**DIRECTIONS**
With pictures left out, output word for word the lines from the one containing "Un design amusant" through the end of the material below.

**DATASET CONTENT**
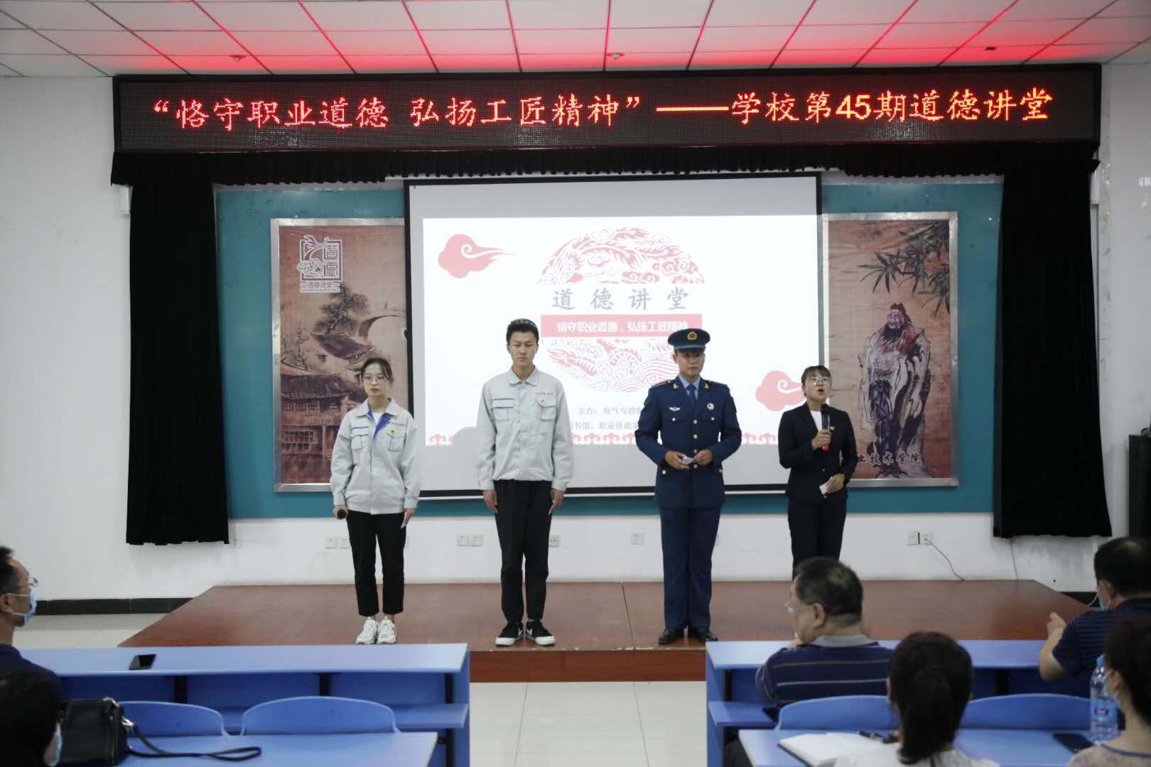 根據學校2020年度道德講堂工作安排,由電氣與控制工程學院黨總支承辦,職業技能鑒定所、圖書館、信息網絡中心協辦的學校第45期道德講堂,于6月10日下午在清風園如期舉辦。本次講堂以“恪守職業道 ,弘揚工匠精神”為主題,近200名師生共同參加了活動。
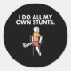 Un design amusant avec une jambe cassée et la phrase "I Do My Own Stunts," symbolisant la résilience et un esprit positif en temps de blessure.
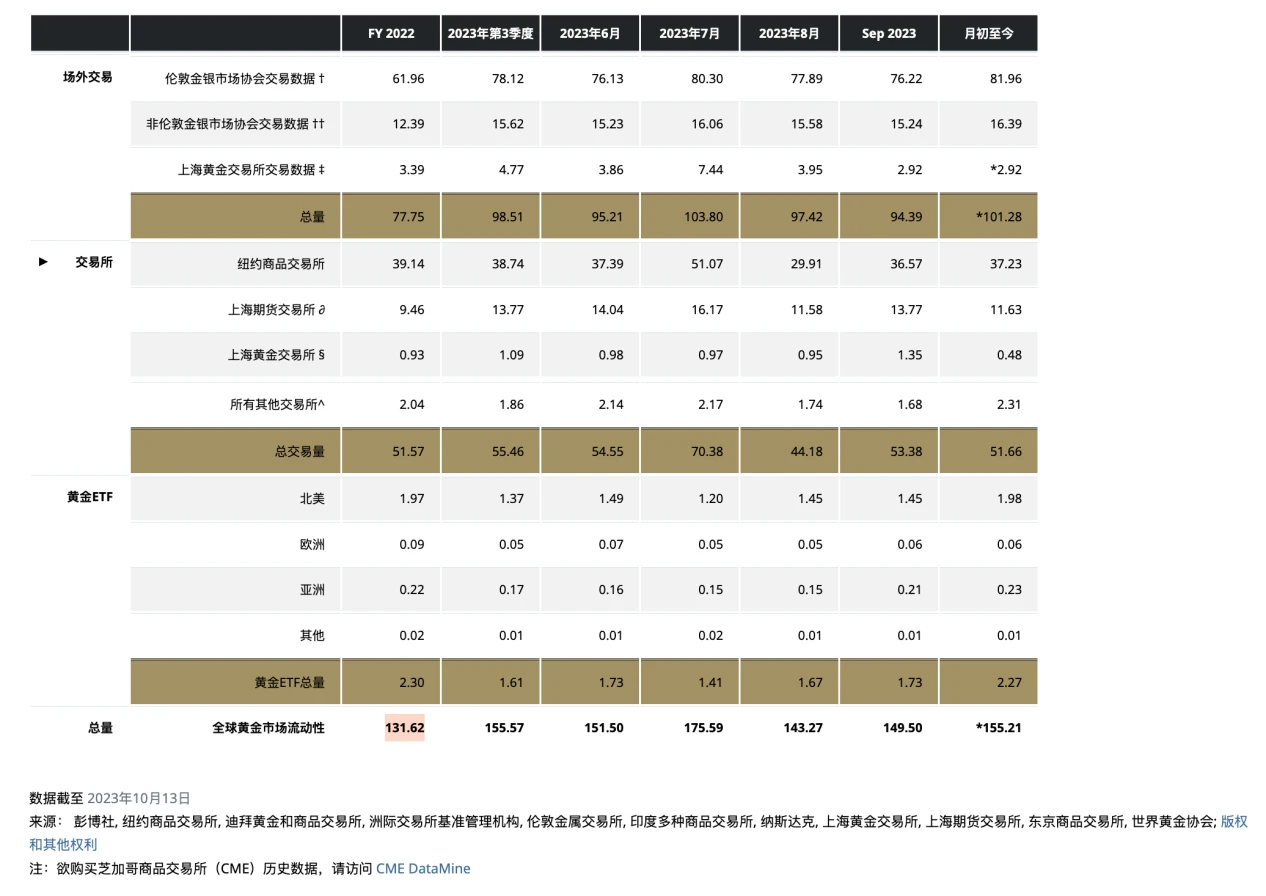 黄金是世界上流动性最好的资产之一, 2022 年的日平均交易额为 1316 亿美元。其中主要的交易场所有伦敦 OTC 市场、美国期货市场和中国市场。伦敦 OTC 市场始于 1919 年,属于黄金现货 OTC 市场,是黄金交易的中心,伦敦金银市场协会 (the London bullion market association,LBMA)每天产生 2 次黄金参考价格(伦敦时间上午 10 ∶ 30 及下午 3 ∶ 00)作为市场参与者进行交易的基准;纽约商品交易所(COMEX)的黄金市场是目前世界上最大的黄金期货市场;上海黄金交易所(Shanghai Gold Exchange,SGE)于 2002 年 10 月 30 日正式开业,为中国黄金市场提供了现货交易平台;上海期货交易所(Shanghai Futures Exchange,SHFE)期货交易对上海黄金交易所的现货交易进行了补充。
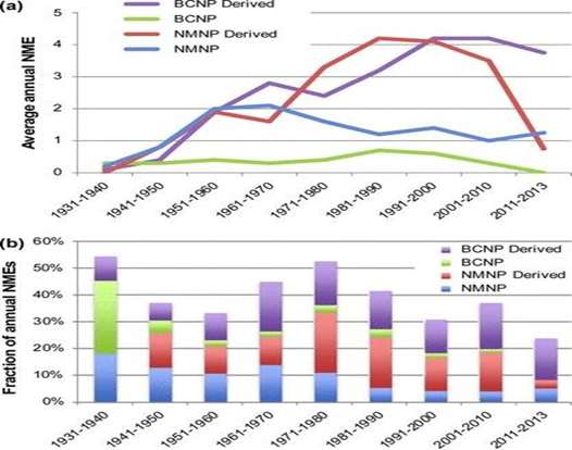 Figure 3.4.1. Natural product new molecular entity (NME) derivatives. (a) Average number of FDA- approved NMEs is shown on an annual basis. (b) Fraction of annually approved NMEs is separated into nonmammalian natural products (NMNPs) and biochemical natural products (BCNPs), as well as their semisynthetic or synthetic derivatives (adapted from Patridge et al. (1) with permission. Copyright 2016 Elsevier) [30]

**RESPONSE FOR THIS EXERCISE**
 Un design amusant avec une jambe cassée et la phrase "I Do My Own Stunts," symbolisant la résilience et un esprit positif en temps de blessure.
 黄金是世界上流动性最好的资产之一, 2022 年的日平均交易额为 1316 亿美元。其中主要的交易场所有伦敦 OTC 市场、美国期货市场和中国市场。伦敦 OTC 市场始于 1919 年,属于黄金现货 OTC 市场,是黄金交易的中心,伦敦金银市场协会 (the London bullion market association,LBMA)每天产生 2 次黄金参考价格(伦敦时间上午 10 ∶ 30 及下午 3 ∶ 00)作为市场参与者进行交易的基准;纽约商品交易所(COMEX)的黄金市场是目前世界上最大的黄金期货市场;上海黄金交易所(Shanghai Gold Exchange,SGE)于 2002 年 10 月 30 日正式开业,为中国黄金市场提供了现货交易平台;上海期货交易所(Shanghai Futures Exchange,SHFE)期货交易对上海黄金交易所的现货交易进行了补充。
 Figure 3.4.1. Natural product new molecular entity (NME) derivatives. (a) Average number of FDA- approved NMEs is shown on an annual basis. (b) Fraction of annually approved NMEs is separated into nonmammalian natural products (NMNPs) and biochemical natural products (BCNPs), as well as their semisynthetic or synthetic derivatives (adapted from Patridge et al. (1) with permission. Copyright 2016 Elsevier) [30]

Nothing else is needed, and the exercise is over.